Perhaps if the dietician showed some simple microwaveable 5-minute meals like oatmeal or an easy vegetable-filled frittata (with some of the yolks left out) that can be made the night before and refrigerated? The plain yogurt with fresh fruit idea is also quick and simple but not especially cheap–these days a quart of plain non-Greek yogurt goes for $2.50 at Trader Joe’s, almost the same as a gallon of milk, and costs even more at the local Ralph’s (west coast Kroger affiliate), but it serves only 4 if each serving is a whole cup. Cereal with milk is a lot cheaper–but it could certainly be better cereal, high in fiber and low in sugar and salt, and measured by the cup or on a scale before pouring it into the bowl to make sure you don’t get more than you think you’re getting.

Cutting up fruit and vegetables takes time that parents usually feel they don’t have. And berries, which don’t need cutting up, are relatively expensive fruits, even when frozen. So showing parents a couple of “instantly grabbable” ways to serve the less expensive fresh (or fresh-frozen) fruits and vegetables instead of Froot Loops might be key.

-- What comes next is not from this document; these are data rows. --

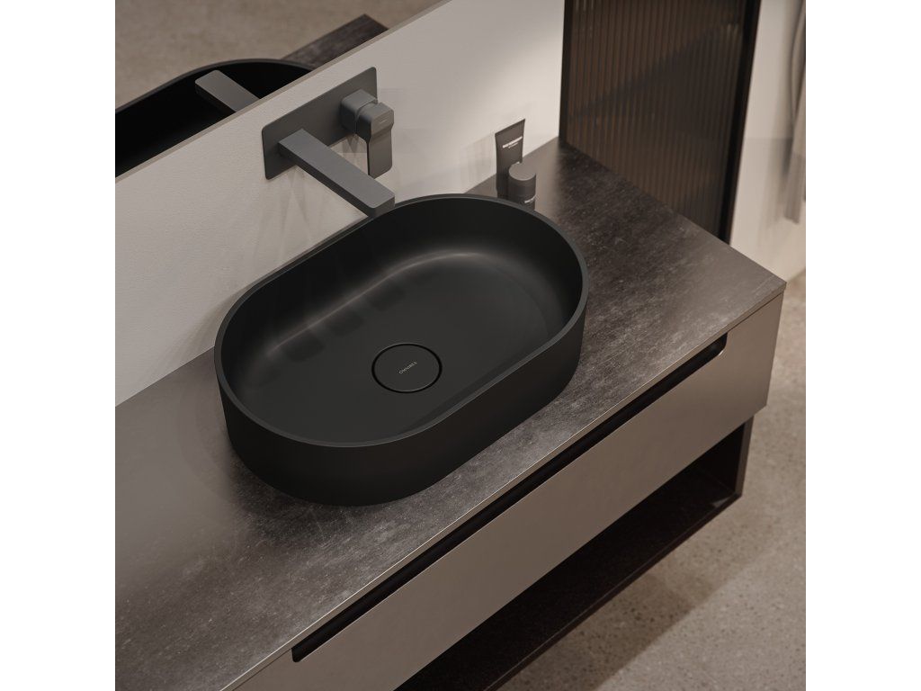 Aplomo Ovo M+ umyvadlo na desku z kompozitu, černý mat, OVOUNBLV
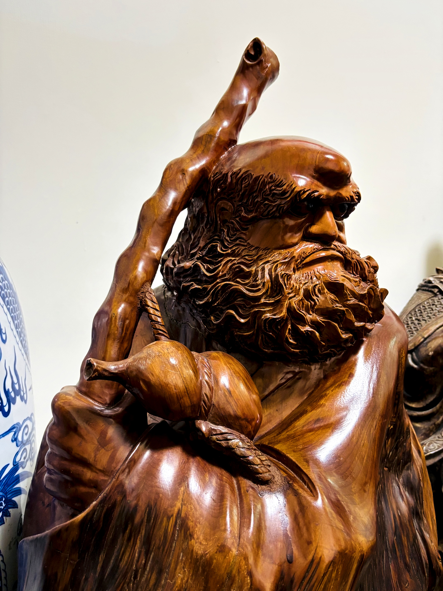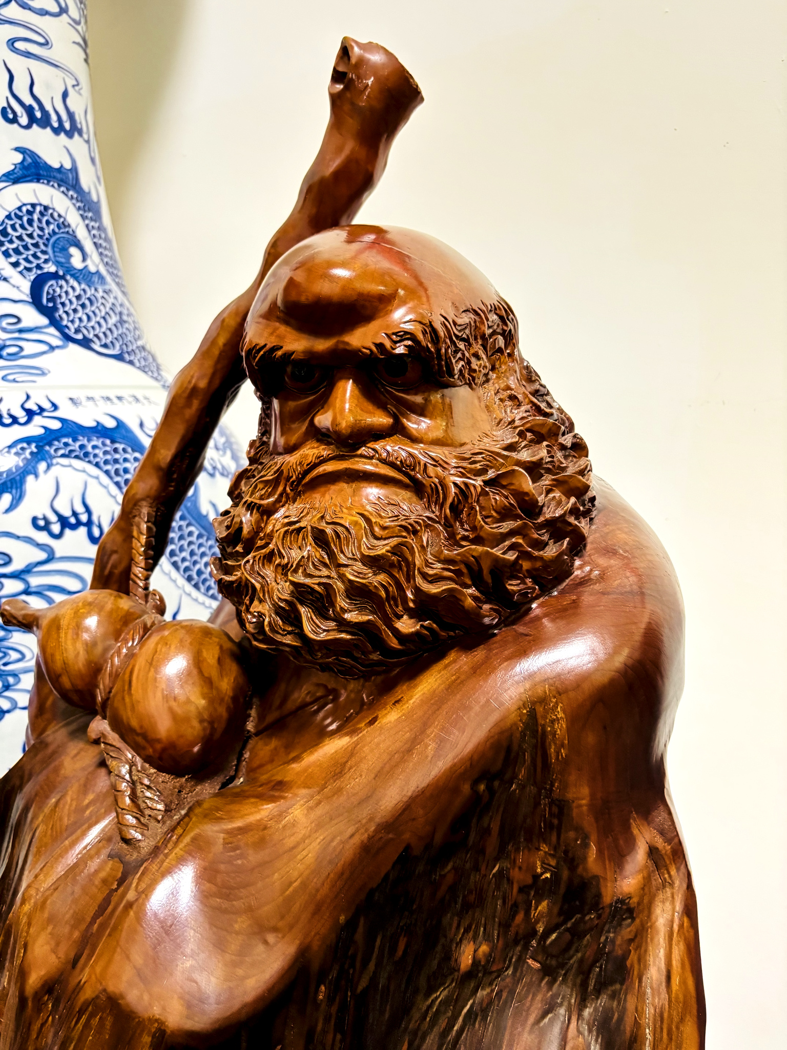 This Bodhidharma wooden sculpture, from the Qing Dynasty, is made of solid hardwood. The delicate carving makes the beard appear as if flowing. His deep gaze seems to span centuries, still watching over the world’s turmoil and tranquility.
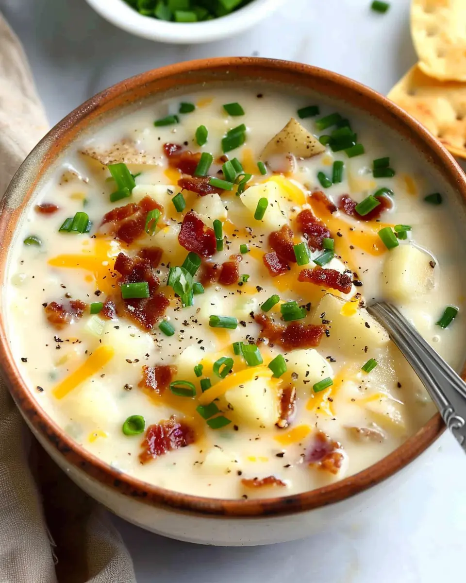 PrintThe Best Loaded Potato Soup: Indulgent Comfort with Turkey Bacon and Chicken Ham
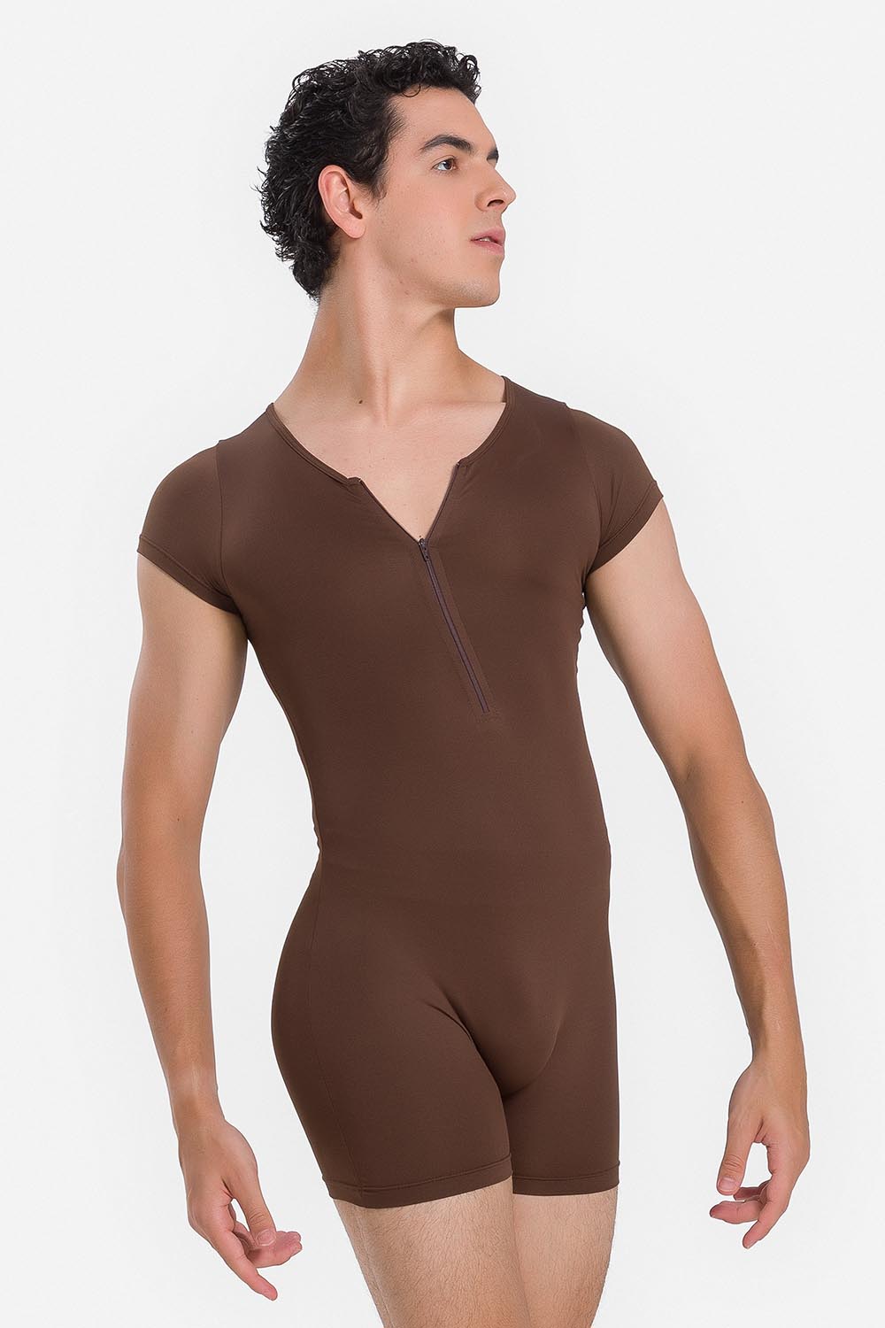 – Piernas cortas, cremallera en parte delantera y mangas cortas
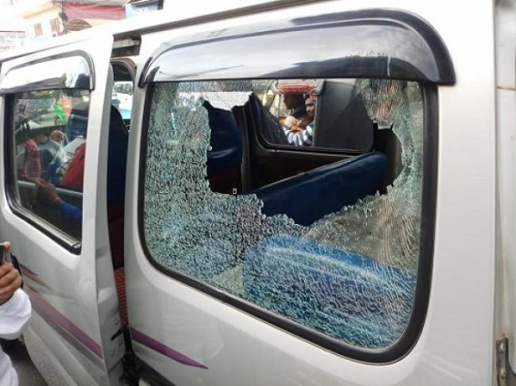 PHOTO : BJP's attack on former Minister Manik Dey's vehicle at Ranir Bazar. TIWN Pic Dec 1
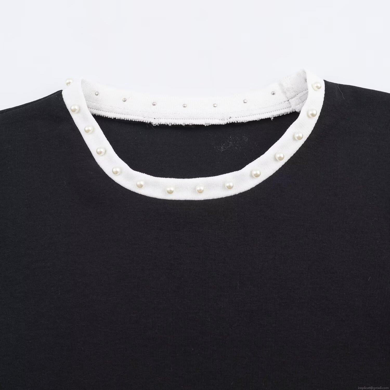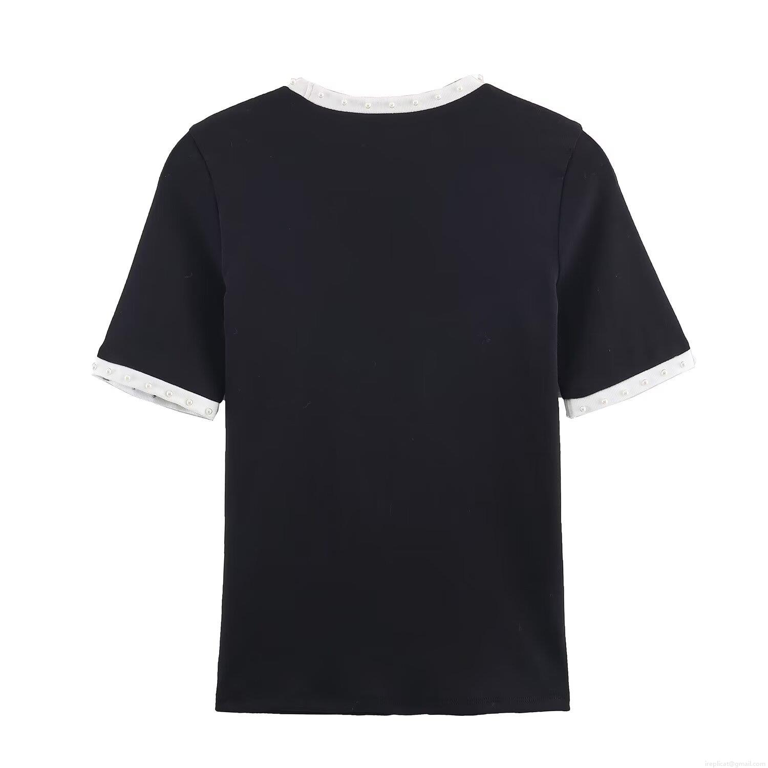 • Women's Casual Slim Fit Short Sleeve T-Shirt With Faux Pearl Beaded Trim Round Neck Contrast Color Patchwork Tee Top For Daily Daily Wear

A simple “just wash and nosh” approach would probably be a good start. I know I generally rail against buying precut, expensive little baggies of manicured (and dried out) vegetables in the supermarket, but the big bags of “baby carrots” that don’t require peeling and are finger-food size would be an okay starting point to get kids and parents to think about vegetables as a good snack or even breakfast choice. My daughter lived on them for lunches (along with a PBJ on whole wheat and an apple) for most of her grade school years, and even though she has (and will probably always have) a mean sweet tooth, she still seeks out raw green beans, wedges of red cabbage, roma tomatoes and broccoli or cauliflower branches to break off, rinse under the tap and nosh on after school.

Leftover Logic

Two weeks ago The Guardian‘s business section published the following salvo against glam-food waste: “Food’s latest hot trend: leftovers”. Some of the interviewed chefs, who grew up eating leftovers in the ’70s, have apparently joined forces with the Women’s Institute in York (shades of “Calendar Girls” and Helen Mirren’s shaky attempt at a Yorkshire accent) for a project to reduce food waste as supermarket prices continue to rise and rise.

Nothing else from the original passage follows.